Apresentámos uma folha A3, em branco, pedindo que desenhassem um rio, imaginando que este representava o seu percurso desde a entrada na escola até ao presente. Inicialmente propusemos a utilização de dois símbolos, - uma bóia e uma pedra - simbolizando, respectivamente, momentos positivos e momentos negativos. Porém, acabou por estabelecer-se os traços perpendiculares às margens do rio como marcação das fases positivas e negativas da vida escolar. O desconforto sentido durante a elaboração do rio não respeitava ao conteúdo, mas aos possíveis erros que estariam a cometer no desenho e na forma de registar informação. Desvalorizámos essas questões formais ligadas aos requisitos escolares e deixámo-los à vontade. Tentámos compreender a visão que cada aluno tem do seu percurso escolar, dos factores que, na escola, produzem significados positivos e negativos nas suas vidas (A6).

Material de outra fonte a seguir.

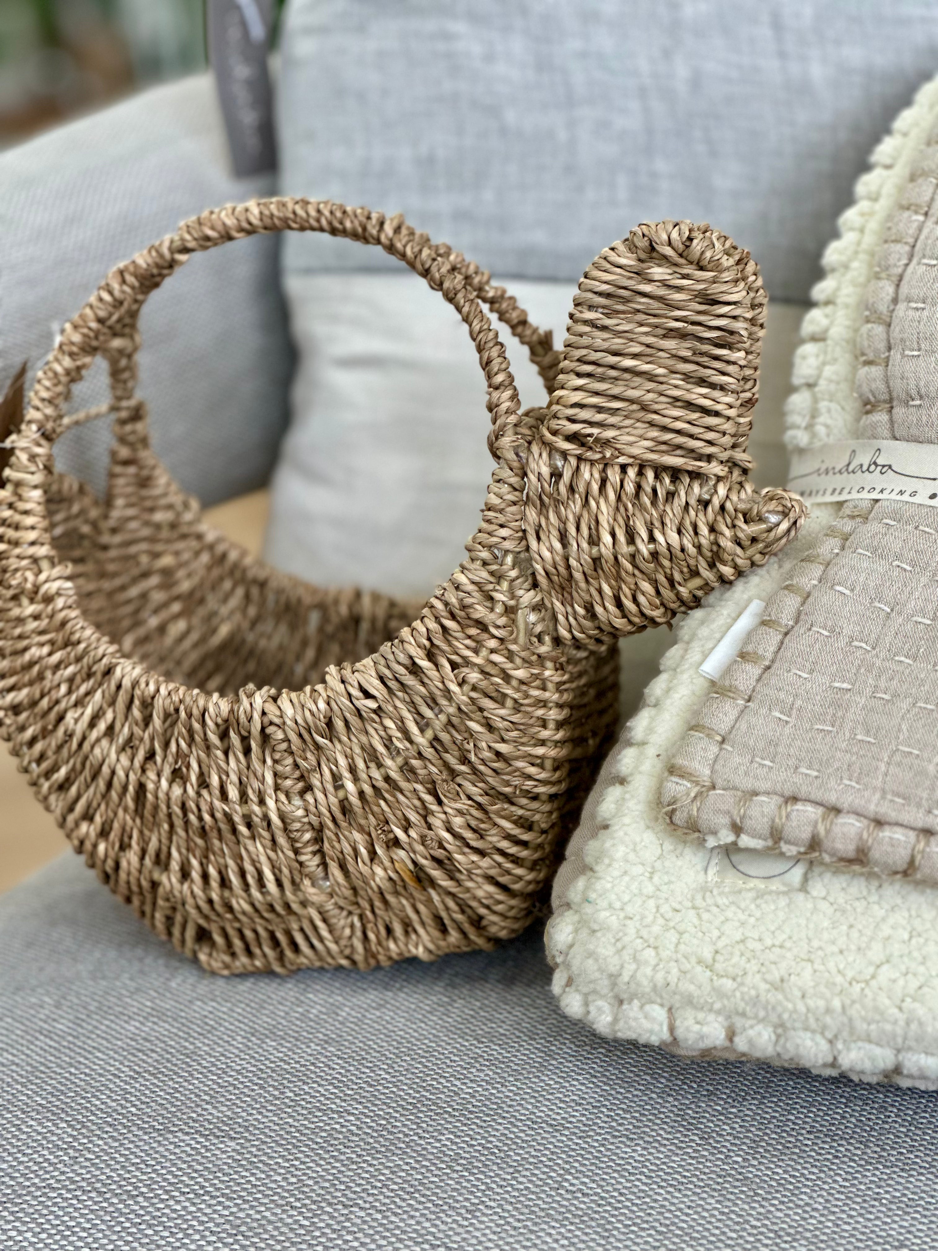 Carry your Easter goodies in style with our Woven Bunny Handled Basket. This charming basket is expertly woven in the shape of a bunny, making it both functional and adorable. The sturdy handles make it easy to transport, while the unique design adds a touch of whimsy to your holiday celebrations.

2.3.3.3. Círculo de amigos

Numa folha A3, representámos quatro circunferências concêntricas. Na mais pequena, pedimos que nomeassem as pessoas sem as quais não conseguiriam viver (Círculo da Intimidade). Na seguinte, os amigos indispensáveis (Círculo da Amizade). Na seguinte, outras pessoas amigas, colegas, parceiros de grupos/clubes a que pertençam (Círculo da Participação). Finalmente, outras pessoas importantes na sua vida como prestadores de serviços, com quem podem contar, em circunstâncias específicas (Círculo da Troca).

Com a utilização desta técnica (Stainback e Stainback,2008: 97-100), quisemos conhecer que pessoas os alunos reconhecem como merecedoras de um significado nas suas vidas, discernindo, sobretudo, se os seus círculos contemplam elementos da comunidade escolar. Tivemos oportunidade de implementar esta técnica apenas a 7 dos 10 alunos (A7).

2.3.4. Tratamento dos dados

Atendendo a que “a interpretação é uma questão de relações entre os dados” (Graue,2003:192), procedemos a uma análise de conteúdo qualitativa, desenvolvendo categorias de codificação (A4), de forma a “reduzir o material textual” (Flick,2005:180). Obviamente, há um grau de subjectividade do qual não nos podemos desenredar que resulta do facto de a codificação se basear nas “questões e preocupações de investigação” (Bogdan e Biklen,1994:221). Segundo Graue (2003:192), a interpretação é a criação de significados. Como criação, poderá resvalar para um domínio cientificamente inconsistente e falível. Contudo, este exercício interpretativo e compreensivo é validado na medida em que se mantenha uma relação com os contextos locais e simultaneamente com o contexto dos quadros teóricos (idem:190). Apesar das limitações do método, tentámos usar um sentido de honestidade que passou, sobretudo, por mantermos fidelidade ao discurso dos actores e não perdermos de vista o enquadramento teórico.